- Born: New York, New York, United States
- Education: Mt. Holyoke College
- Occupations: Author, speaker, spokeswoman, fashion expert, entrepreneur
- Known for: First petite/plus-size model agency

= Mary Duffy =

Mary Duffy is a feminist fashion expert, spokeswoman, entrepreneur, author, and motivational speaker who has worked to expand the concept of beauty for the majority of women who do not fit the ideal stereotypes popularized by the entertainment and fashion industries.

She expanded the first model agency specializing in plus-size models and petites.
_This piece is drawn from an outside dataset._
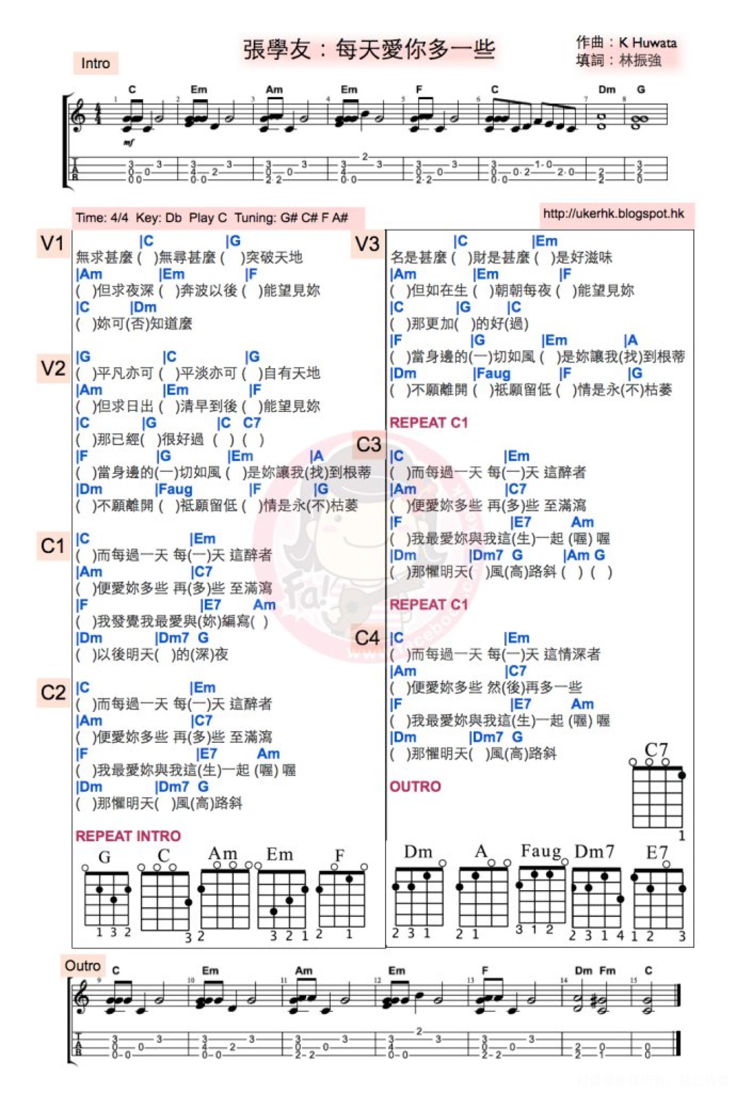 当前位置:琴谱网>尤克里里>每天爱你多一些
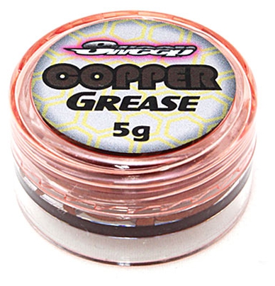 The copper grease contain actual copper and is used for special applications in the R/C community. Once used, it is water-resistant and won't fly off. It is also resistant to high heat and pressure, keeping strong against other chemicals it may come in contact with. Use Sweep copper grease wherever you need lubrication that stays in spinning parts, differential joints, servo savers and hinge pins.

Her career has included multiple television appearances, fashion shows, seminars, and print media interviews, as well as two years each on QVC and HSN. She also had a ten-year plus-size pattern line for Simplicity Patterns, designed three other fashion lines, and authored several books.
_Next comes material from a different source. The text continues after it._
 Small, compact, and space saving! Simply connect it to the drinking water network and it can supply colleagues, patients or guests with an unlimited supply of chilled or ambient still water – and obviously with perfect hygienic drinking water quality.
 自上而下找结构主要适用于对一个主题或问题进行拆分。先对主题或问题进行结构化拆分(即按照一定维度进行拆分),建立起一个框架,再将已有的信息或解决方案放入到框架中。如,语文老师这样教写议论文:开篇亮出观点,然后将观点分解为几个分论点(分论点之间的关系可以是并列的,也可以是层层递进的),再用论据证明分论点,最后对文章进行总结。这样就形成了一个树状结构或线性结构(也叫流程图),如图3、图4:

== Professional background ==

After graduating from Mount Holyoke College, Duffy's career direction started in the mid-1970s when she became one of the first plus-size models. She liked the work so much she decided, in 1979, to buy a start-up agency from Beth Kramer in NYC,
immediately adding Petites, creating Big Beauties/Little Women, the first agency in the world specializing in plus-size models and petites.

By 1984, Big Beauties/Little Women was successful enough to run national model searches advertised in the press. The prize included the cover of It's Me magazine, a nationally published magazine for plus-size women. In 1987, her first book, "The H-O-A-X Fashion Formula", was published. In 1988, she sold her company to Ford Models, where she became executive director for Special Sizes until 2010. Ford renamed the division Ford 12+, and then Ford+.
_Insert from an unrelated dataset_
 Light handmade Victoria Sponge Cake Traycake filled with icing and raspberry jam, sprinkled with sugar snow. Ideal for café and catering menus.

Duffy’s own career as a model included national campaigns for Gloria Vanderbilt, L'eggs, and Weight Watchers. In 1980, she began motivational speaking. In these lectures she advocates a message designed to enhance women's self-esteem. She has also commentated on more than 1250 fashion shows and seminars, and appeared on more than 800 television shows, including Today, Good Morning America, Sally Jesse Raphael, the Oprah Winfrey Show, Hard Copy, The Jenny Jones Show, and CNN. She has also done more than 600 print media interviews, including Cosmopolitan, Woman’s Day, Family Circle, Ladies Home Journal, New York Daily News, and New York Times.

In her books, shows, and interviews, she has espoused the messages "Mattel made Barbie, but God made us," and "God doesn’t make mistakes." Concerned with the media's unattainable image of "perfection" generated by much of the fashion industry, Duffy offers advice and options on fashion and beauty for women. She states a personal belief that any woman, no matter what her age, size, height, finances, or features can (and should) develop her own unique personal style. Her message is that it's not what you've got, how much of it, or how old it is, but what you do with it is what matters.

From 1991 to 1993, she appeared regularly on QVC. In 1993, she introduced a successful pattern line for Simplicity Patterns, a collection of large-sized patterns based on her H-O-A-X body shapes. From 1997 to 1999, she designed and presented a ready-to-wear clothing and accessory line for The Home Shopping Network, called "Personality" by Mary Duffy. The line was based on her theory that there are four distinct fashion personalities, which are defined by individual motivation: The Classic who dresses to be appropriate; The Dramatic who dresses to be noticed; The Casual who dresses to be comfortable; and The Artistic who dresses to be unique.

== Personal ==

Born in New York and raised in New England, Duffy lives in Manhattan where she is a member of The Junior League and The Fashion Group. Since retiring from Ford Models in 2010, she has started a company to inform and encourage the self-esteem interests of all women, called Fashion 4 the Rest of Us. Besides "The H-O-A-X Fashion Formula", she has written two other books, "The Complete Petite", and "The MakeOver". She has also co-authored and self-published two more books with her husband, Marc Guerrero, a book of short stories, "East of Tiffany’s", and a book on advanced writing techniques, "Toolbox for Writers".